If Stanton wants to remain flexible for the November election, Noble said, he should duck the citizen petition on Wednesday. When the agenda item comes up at the end of the meeting, Stanton could keep his specific policy position on health care ambiguous.

“Once you get your positions, it’s hard to switch. If you do, you get some blowback,” Noble said.

DSA’s gambit may worry some voters who are interested in seeing a Democrat hold onto the seat in CD9. Stanton will please the socialists in the audience if he endorses Medicare for All, but he could damage his own congressional ambitions in the process.

Once Stanton faces off with a Republican in the general election, his opponent could use a vote in favor of single-payer health care to bash him as an overly liberal, blue-city mayor unfit to represent all Arizonans. Republicans Steve Ferrara, Dave Giles, and Seth Leibsohn are vying to represent their party in CD9. In 2016, Sinema defeated Giles with 60 percent of the vote.
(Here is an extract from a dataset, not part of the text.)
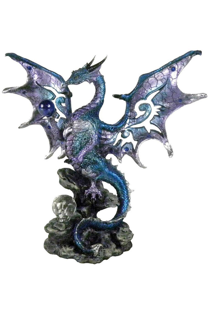 This mysterious dragon is cast in high-quality resin before being painstakingly hand-painted. Perched on a black rock, standing upright on its hind legs, this fearsome dragon is coloured in shimmering blues, greens and purples, their tail curling down below them. In their front right claw they hold a blue crystal orb which they gaze a greedily, another crystal orb on the ground below them. Their wings are outstretched, revealing the intricate patterns cut into them. Mystical and imposing at the same time, this draconic figurine adds a touch of mystery to any mantelpiece.

But DSA members point to polls that show a majority of Americans support single-payer health care. DSA member Benjamin Fong, who submitted the petition to the City Council, said that the tide is decisively turning.

“I think this is going to become a real demand for any Democratic candidate in 2018,” Fong said. “It’s a chance for Stanton to show early on to people who are potentially progressive backers that he’s going to take a strong stand on this — that he’s not going to waffle on health care.”

Fong, a 36-year-old faculty fellow at Arizona State University’s honors college, also criticized the “technocratic approaches to healthcare” favored by centrist Democrats like Hiral Tipirneni, the unsuccessful Democratic candidate in last month’s CD8 special election.

“They claim to be strong on health care, but they don’t support Medicare for All,” Fong said.

Tipirneni advocated for a patchwork approach to health care during her campaign. She supported opening up Medicare to people under 65 who want to purchase a health care plan, but also advocated for competition between public and private health care plans as a strategy to drive down costs.

“Health care is a moral obligation, but it is never ‘free,'” Tipirneni said in her health care plan.

When making the case for Stanton to support single-payer, DSA members cite an August 2017 resolution from the Arizona Democratic Party in which the state party endorsed Medicare for All by ratifying the People’s Platform, a progressive laundry list of goals from a Sanders-affiliated organization, Our Revolution.

There are around 180 DSA members in Phoenix, according to Howard. Also backing the citizen petition is the local chapter of the Progressive Democrats of America. According to Ken Kenegos, a nurse and the health care coordinator for the Arizona PDA, as many as 100 people turn out for the organization’s Phoenix meetings.

“I like to call our system, ‘It’s your money or your life,'” 69-year-old Kenegos said, arguing that the American health care doesn’t have to function this way.

He predicted that Stanton will try to dodge the issue on Wednesday.

“I think he’s a pretty seasoned politician, and I’m not real crazy about that seasoning,” Kenegos said.